How do people view this these days? Have the manufacturers mitigated the problem with high write rates to SSD drives?

As an off the wall follow up question - what would people think of a SSD-Mechanical pairing in a RAID-0 mirror? Stupid idea, or some merit for faster read times?

Thanks in advance for any insights.

(Not sure this is the correct forum for this sort of discussion - hopefully the mods will move the post if not)
(Edit: RAID-0 to RAID-1, correcting a senior moment, sorry)

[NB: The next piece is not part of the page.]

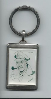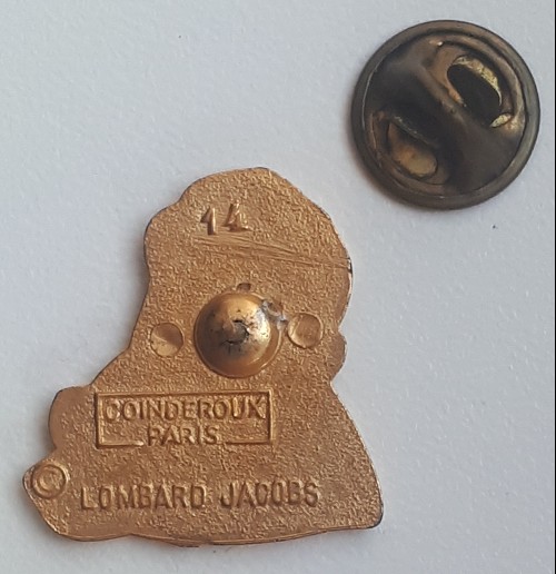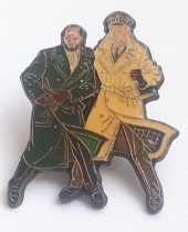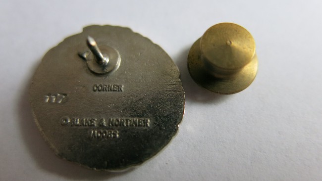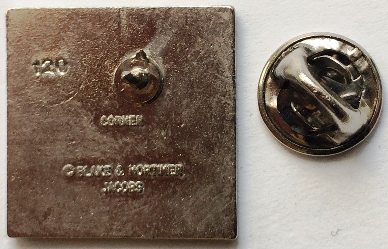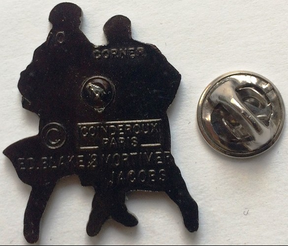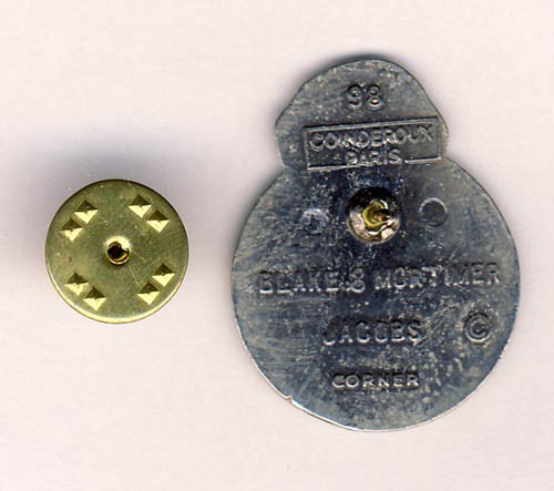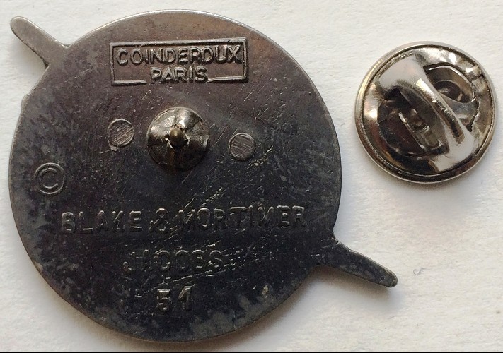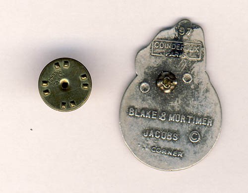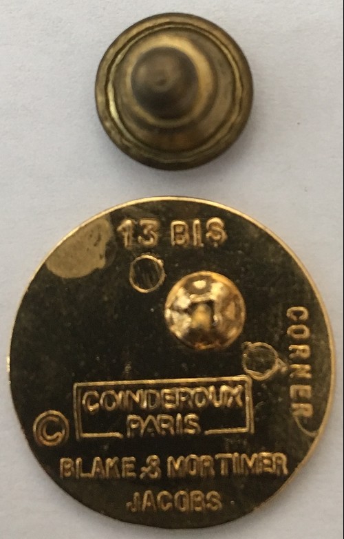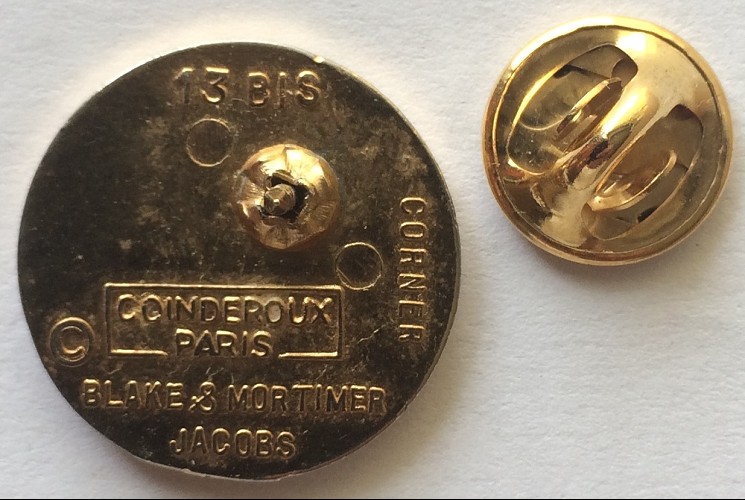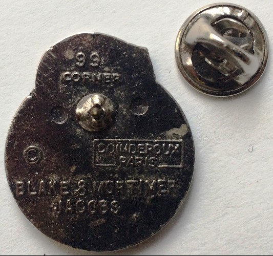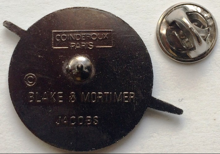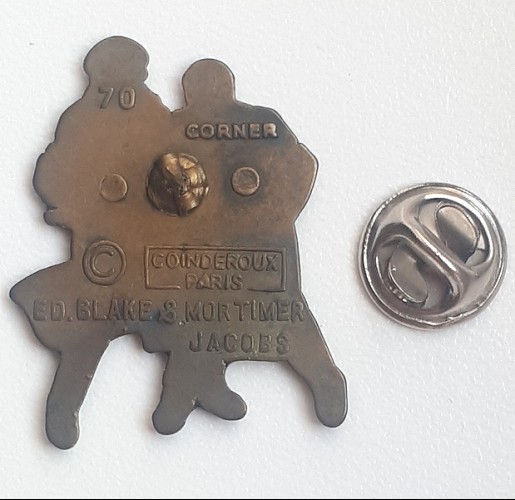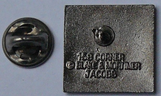 Commentaire : Au dos : 13 bis Coinderoux Paris. Blake et Mortimer JACOBS © CORNER. Attache à pompe, vendu dans une boîte Corner transparente avec fond papier noir. Existe en différentes variantes de support, taille et couleur.

Last edited by ipic on Fri Aug 09, 2024 11:41 am; edited 1 time in total
Back to top
View user's profile Send private message
szatox
Advocate
Advocate


Joined: 27 Aug 2013
Posts: 3407

PostPosted: Wed Aug 07, 2024 8:53 pm    Post subject: Reply with quote

Quote:
But - I recall that I also formed an opinion (some years ago) that SSD drives would not work well with a Gentoo system configured like mine, on account of the SSD drives having a very limited lifespan if written to regularly.

Dunno, my Gentoo is doing fine. The vast majority of compilation happens in RAM anyway, and hitting swap once in a while is not a big deal.

Quote:
As an off the wall follow up question - what would people think of a SSD-Mechanical pairing in a RAID-0 mirror? Stupid idea, or some merit for faster read times?
It should give you faster reads, but write performance will be limited by hdd.
Depending on the internal optimizations, I can imagine this setup failing slow HDD out of the raid set during a big write (or at any time really), so you'd have to really really stress test it.
Bcache and similar probably won't survive the backing device failing, even if cache is big enough to keep all data forever.
Maybe you could abuse DRBD in some creative way to flag HDD as write-mostly, if you're -brave-enough- totally insane. I mean, this idea definitely sucks, but I am now curious if it's possible :lol:

One thing that did actually work well when mixing HDD and SSD was LVM snapshots. Full snapshots on a single HDD degrade performance like 10 times. LVM allows you to specify physical volume where a logical volume should be created. Having both, HDD and SSD in one group allows you to put an LV on HDD and then snapshot is to SSD, which avoids write amplification penalty.
_________________
Make Computing Fun Again
Back to top
View user's profile Send private message
ipic
Guru
Guru


Joined: 29 Dec 2003
Posts: 400
Location: UK

PostPosted: Fri Aug 09, 2024 8:43 am    Post subject: Reply with quote

szatox wrote:
Quote:
But - I recall that I also formed an opinion (some years ago) that SSD drives would not work well with a Gentoo system configured like mine, on account of the SSD drives having a very limited lifespan if written to regularly.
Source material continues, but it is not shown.